Wednesday, 30 October 2013

Shetland summary (and since)

I was up on Shetland from 14-20 October with Messrs Eade, Lethbridge, Croft and Johnson – bit later than previous years, so a slightly different experience and mix of birds, but still a fantastic place and a great trip. Since getting back to work on the following Tuesday morning, I’ve been pretty busy there, and then birding at the weekends so this feels a bit like ancient history now. Never mind.

The birding was unsurprisingly quite hard work, with relatively few migrants this late in the season. We still scored a fair range of rarities and scarcities, generally on our own, with very few other visiting birders remaining. The most exciting (but also most challenging) period was the last couple of days, with a strong constant easterly wind and pretty much constant rain. At times, pretty foul conditions – but it was obvious that birds were arriving.

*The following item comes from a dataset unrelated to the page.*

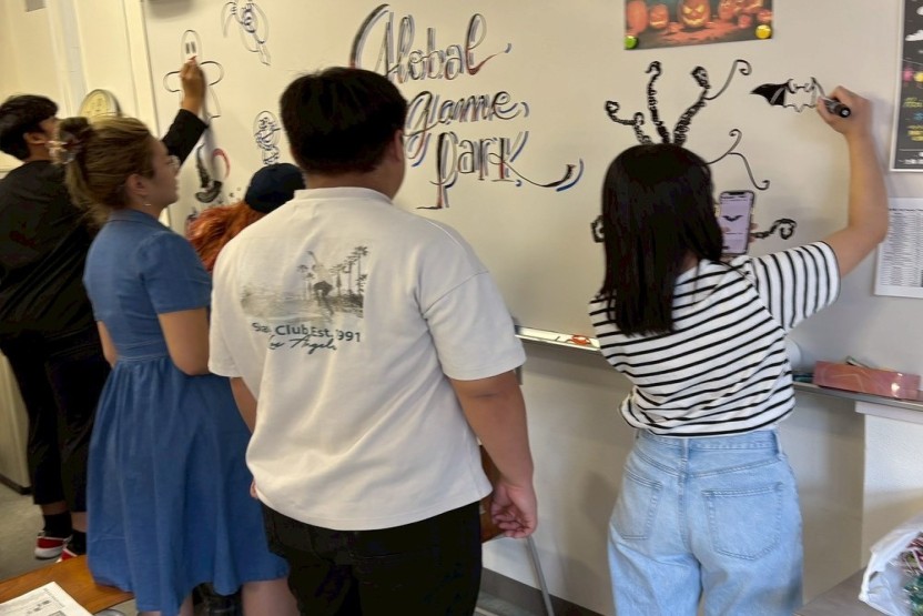 On Saturday, October 25th, short-term exchange students opened a “Global Game Park” booth at Hiroshima University of Economics University Festival. This initiative aimed to allow exchange students to introduce their home countries' cultures and languages while interacting with local residents and students from our university. Preparations were made in cooperation with a student volunteer group called “VIVA.”*

Our spirits were buoyed by finding an super-skulky Olive-backed Pipit on the Saturday, and the near-certainty that there was a ‘big one’ out there somewhere to be found kept us going non-stop til the end.

We were right, as well – but the fact it was a male Rubythroat, on Fair Isle, with news breaking while we were on the A1 near Newcastle, was a bit of a kick in the teeth. Still, surely that was it, so not too bad? (I’m sure there will be at least one twitchable mainland Rubythroat in the next ten years, given the recent surge in records). Oh dear: the kick in the teeth was followed by a Cape May style slap in the face. Ouch.

But enough complaining – any trip of this kind is almost guaranteed to miss something good by a day or two, it’s just the nature of the beast. I love these remote places, and rare bird searching / finding (far more than the idea of smash-and-grab twitching megas from down south)… so I’m happy with the outcome, even if it could’ve been better still.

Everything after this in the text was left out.